Data shown

BEGIN

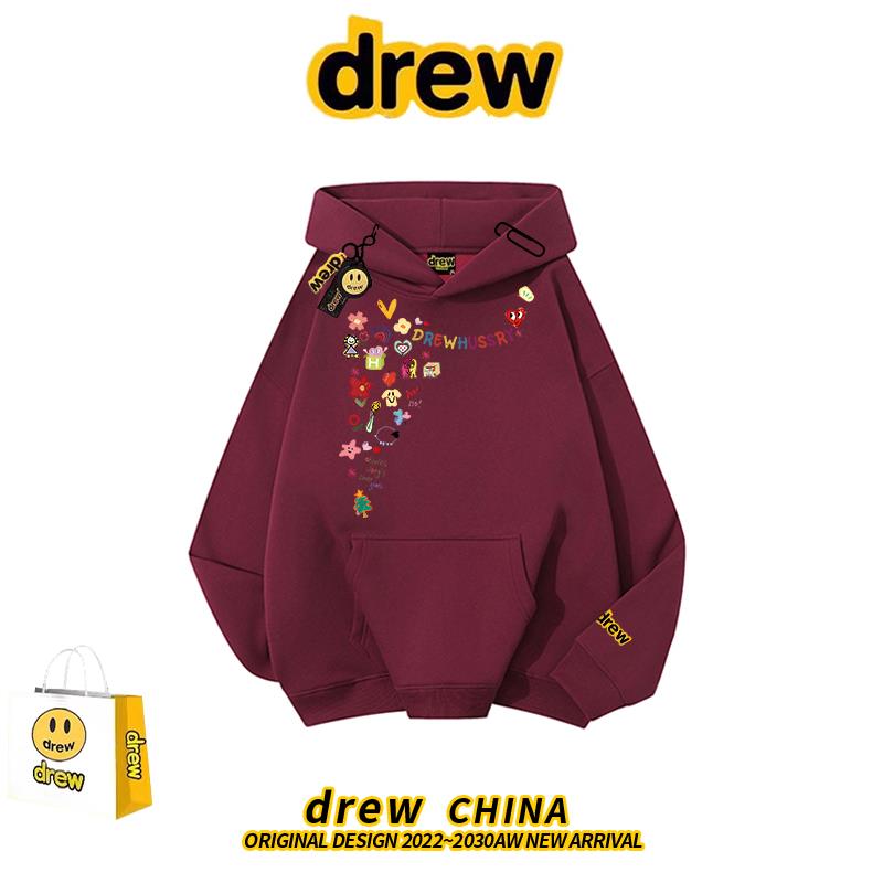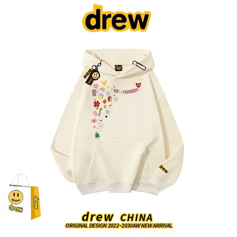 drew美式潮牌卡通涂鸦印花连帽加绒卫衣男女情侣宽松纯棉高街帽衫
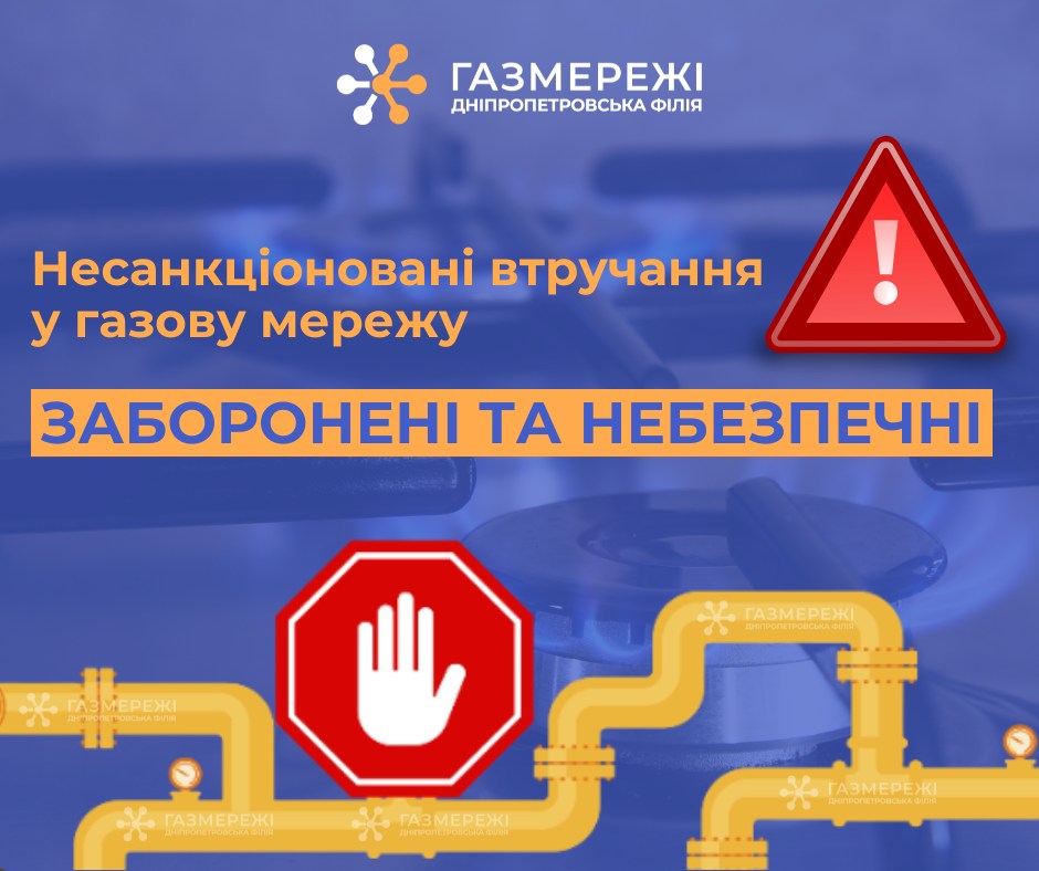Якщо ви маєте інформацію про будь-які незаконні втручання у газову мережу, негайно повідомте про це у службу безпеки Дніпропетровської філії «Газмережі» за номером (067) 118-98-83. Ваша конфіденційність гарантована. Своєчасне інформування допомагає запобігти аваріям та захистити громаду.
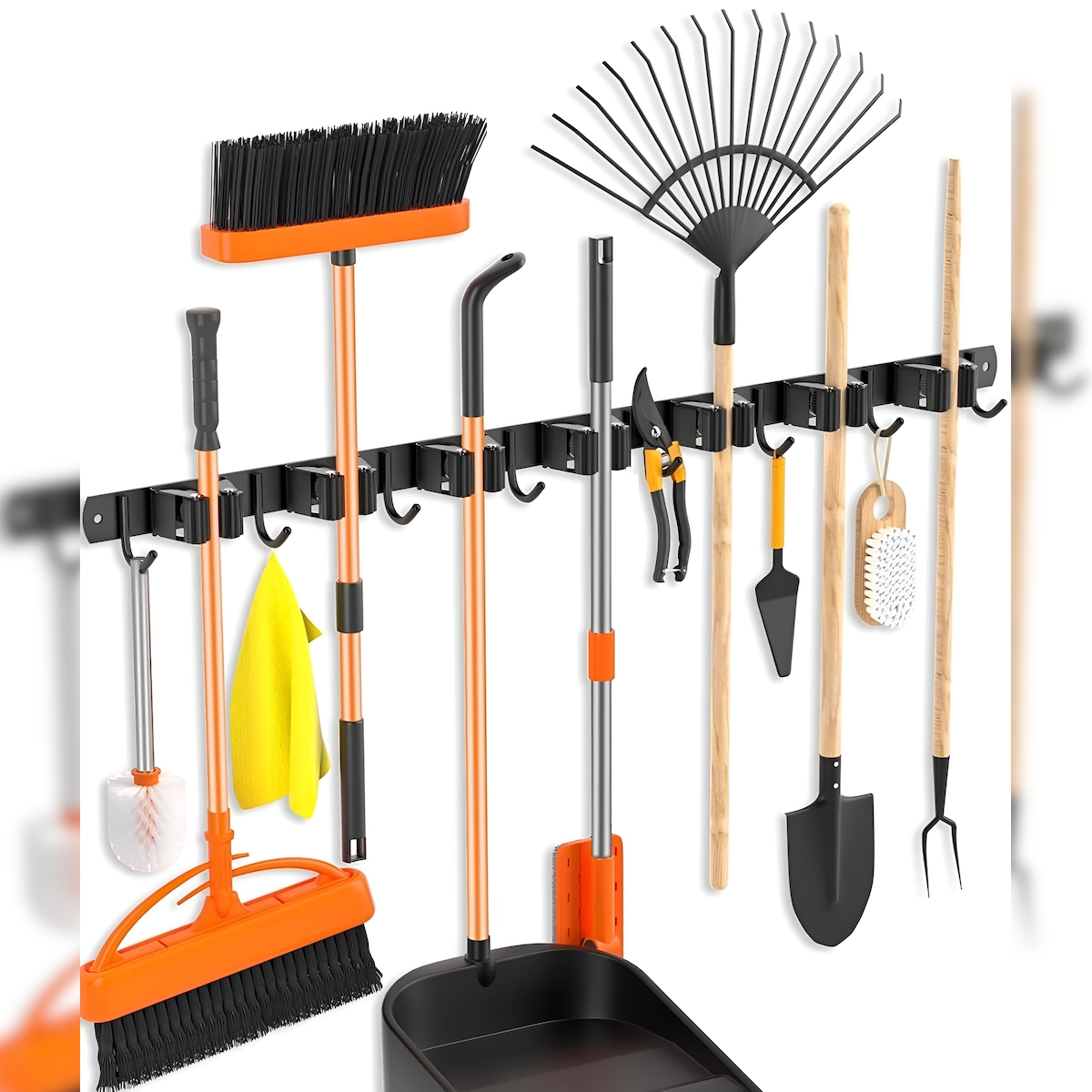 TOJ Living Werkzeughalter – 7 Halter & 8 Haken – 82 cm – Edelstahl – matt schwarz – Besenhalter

END

What you will do
What you give back must match the material above exactly, minus its pictures.

Exercise answer
 drew美式潮牌卡通涂鸦印花连帽加绒卫衣男女情侣宽松纯棉高街帽衫
Якщо ви маєте інформацію про будь-які незаконні втручання у газову мережу, негайно повідомте про це у службу безпеки Дніпропетровської філії «Газмережі» за номером (067) 118-98-83. Ваша конфіденційність гарантована. Своєчасне інформування допомагає запобігти аваріям та захистити громаду.
 TOJ Living Werkzeughalter – 7 Halter & 8 Haken – 82 cm – Edelstahl – matt schwarz – Besenhalter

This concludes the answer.